(Exercise prompt): Down to the last line of the listing, starting at the one with "Metal wedge, possible", retype each line exactly. Do not copy the pictures.

(Data segment):

+++

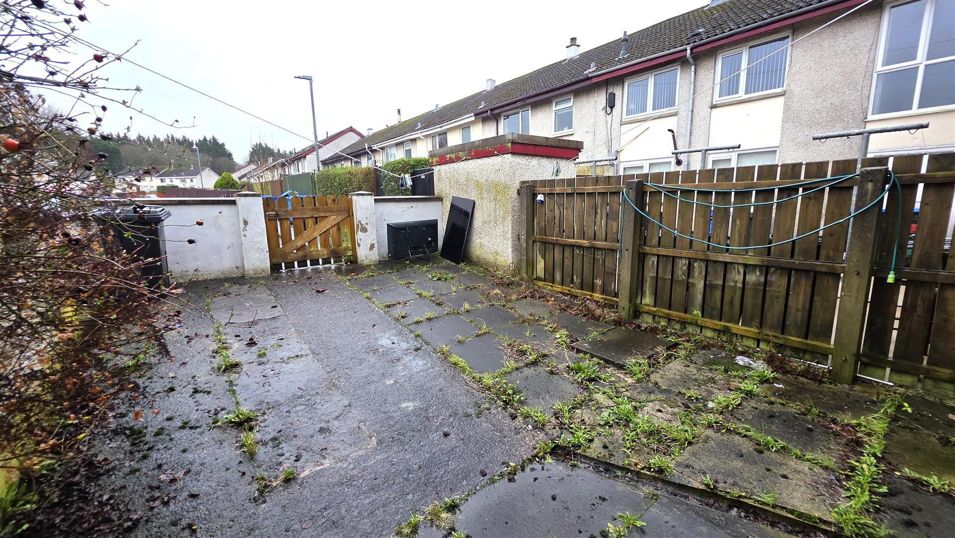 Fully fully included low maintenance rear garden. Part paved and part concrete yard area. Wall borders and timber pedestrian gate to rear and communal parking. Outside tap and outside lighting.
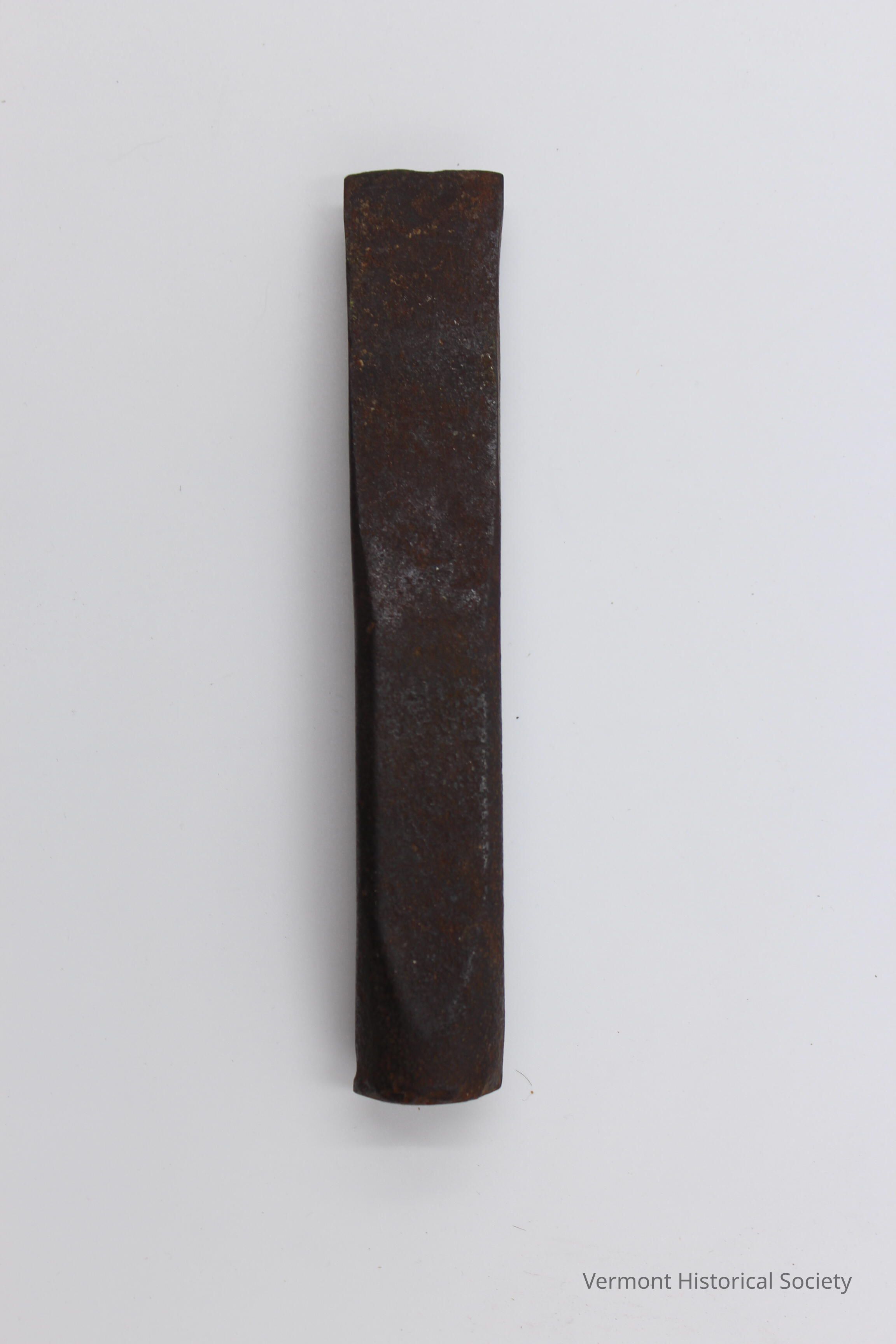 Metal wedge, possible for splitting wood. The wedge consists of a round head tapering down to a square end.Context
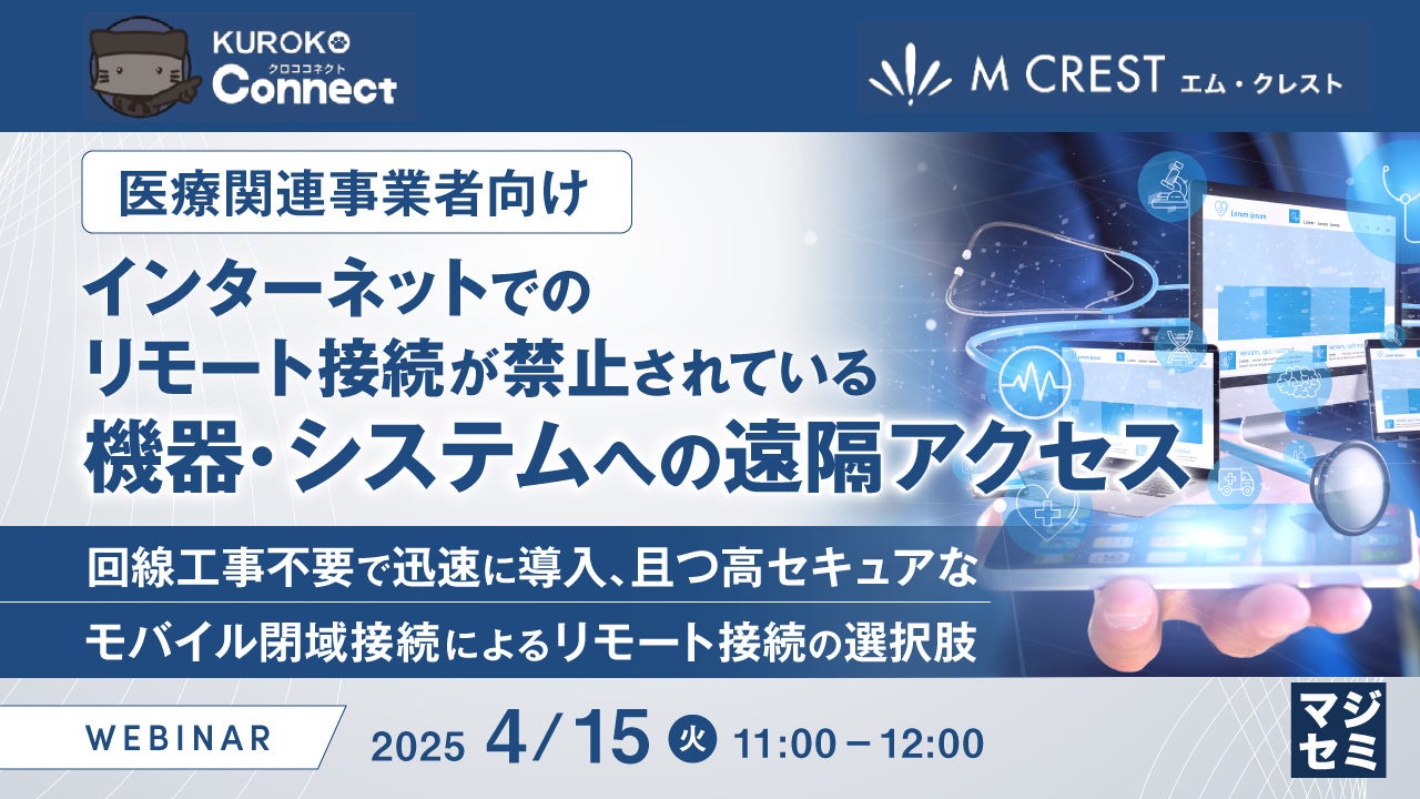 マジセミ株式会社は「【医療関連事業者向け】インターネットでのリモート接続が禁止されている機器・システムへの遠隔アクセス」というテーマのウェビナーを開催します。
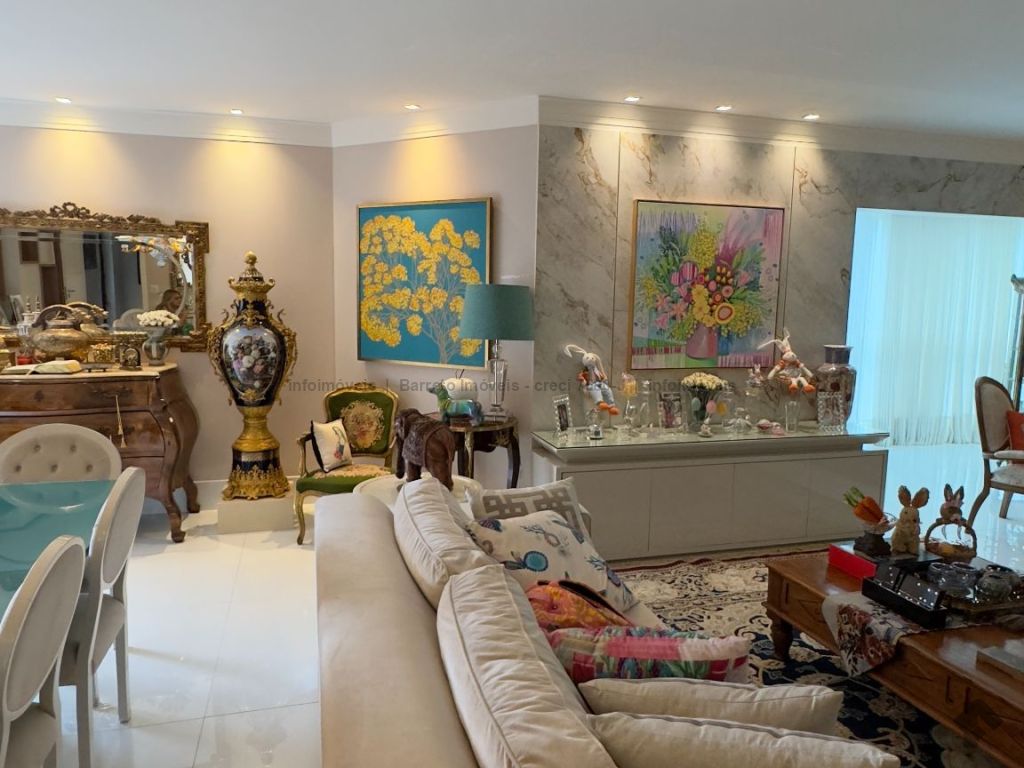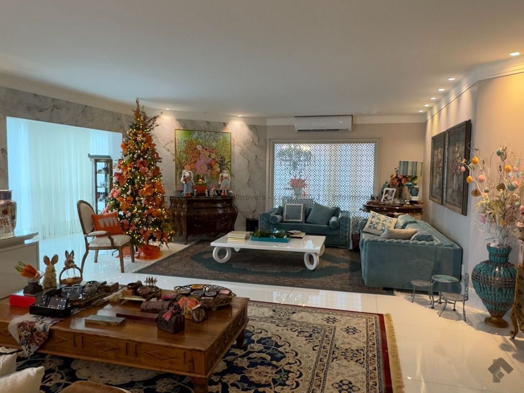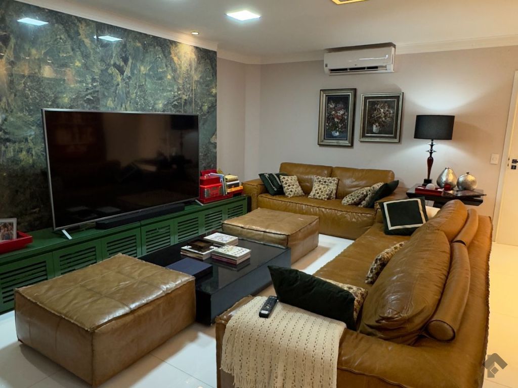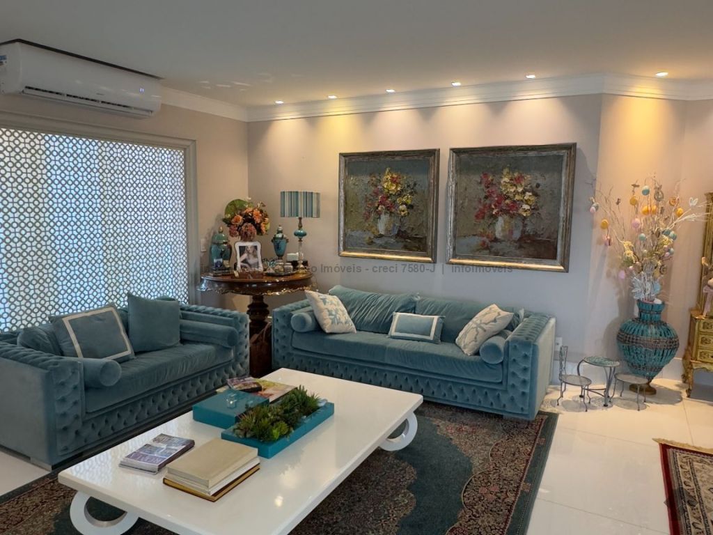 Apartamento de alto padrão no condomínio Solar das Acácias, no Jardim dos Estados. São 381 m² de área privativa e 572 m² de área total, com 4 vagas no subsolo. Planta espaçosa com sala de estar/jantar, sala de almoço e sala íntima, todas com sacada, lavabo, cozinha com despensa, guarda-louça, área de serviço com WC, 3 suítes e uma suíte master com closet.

+++

(Expected answer):
 Metal wedge, possible for splitting wood. The wedge consists of a round head tapering down to a square end.Context
 マジセミ株式会社は「【医療関連事業者向け】インターネットでのリモート接続が禁止されている機器・システムへの遠隔アクセス」というテーマのウェビナーを開催します。
 Apartamento de alto padrão no condomínio Solar das Acácias, no Jardim dos Estados. São 381 m² de área privativa e 572 m² de área total, com 4 vagas no subsolo. Planta espaçosa com sala de estar/jantar, sala de almoço e sala íntima, todas com sacada, lavabo, cozinha com despensa, guarda-louça, área de serviço com WC, 3 suítes e uma suíte master com closet.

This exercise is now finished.